Opinion
6218 Index 156824/14, 595582/15
04-05-2018
Shaub, Ahmuty, Citrin & Spratt, LLP, Lake Success (Christopher Simone of counsel), for appellants. Pollack, Pollack, Isaac & DeCicco, LLP, New York (Brian J. Isaac of counsel), for respondents.
Shaub, Ahmuty, Citrin & Spratt, LLP, Lake Success (Christopher Simone of counsel), for appellants.
Pollack, Pollack, Isaac & DeCicco, LLP, New York (Brian J. Isaac of counsel), for respondents.

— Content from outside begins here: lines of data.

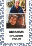 Iemand die 50 wordt? Hoe leuk is het om een leuke Abraham verjaardagskaart te sturen! Op deze kaart kun je twee leuke foto's zetten. Ook staat er de tekst: abraham, gefeliciteerd 50 jaar.
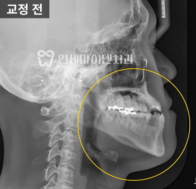 치료 전 사진을 보면, 오른쪽으로 아래턱 틀어짐이 보이고,
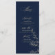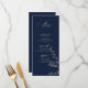 A wedding menu in gold and navy with botanical elements

Acosta, P.J., Tom, Oing, Moulton, JJ.
Order, Supreme Court, New York County (Joan M. Kenney, J.), entered March 1, 2017 which, to the extent appealed from as limited by the briefs, granted plaintiffs' motion for partial summary on the Labor Law § 240(1) claim against defendants G–Z/10UNP Realty, LLC and Lend Lease (US) Construction LMB, Inc., unanimously affirmed, without costs.

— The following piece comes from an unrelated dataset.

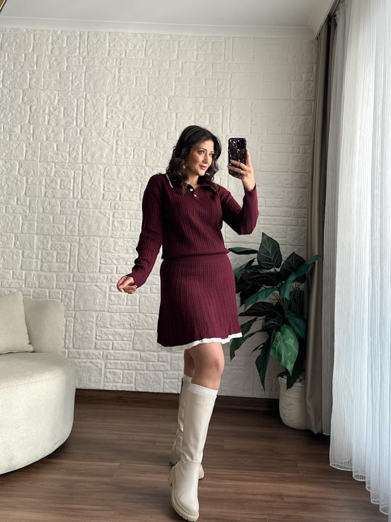 Polo Yaka Örgü Desen İnce Doku Etekli Triko Takım Bordo

Plaintiffs established prima facie that the injured plaintiff (plaintiff) had not been provided with adequate protection from an elevation-related risk pursuant to Labor Law § 240(1) by submitting evidence that plaintiff fell when the scissor lift he was operating toppled over and that, moreover, the lift's tilt alarm failed to sound and the lift failed to shut down automatically when the lift unsafely tilted, contrary to the design of the machine. This claim was adequately preserved, since the facts and general theory supporting it were brought to defendants' attention in deposition testimony and expert opinion.
In opposition, defendants failed to raise an issue of fact as to whether the statute was violated. Their evidence is relevant to comparative negligence, which is not a defense to Labor Law § 240(1) (see Celaj v. Cornell, 144 A.D.3d 590, 42 N.Y.S.3d 25 [1st Dept. 2016] ).
We have considered defendants' remaining contentions and find them unavailing.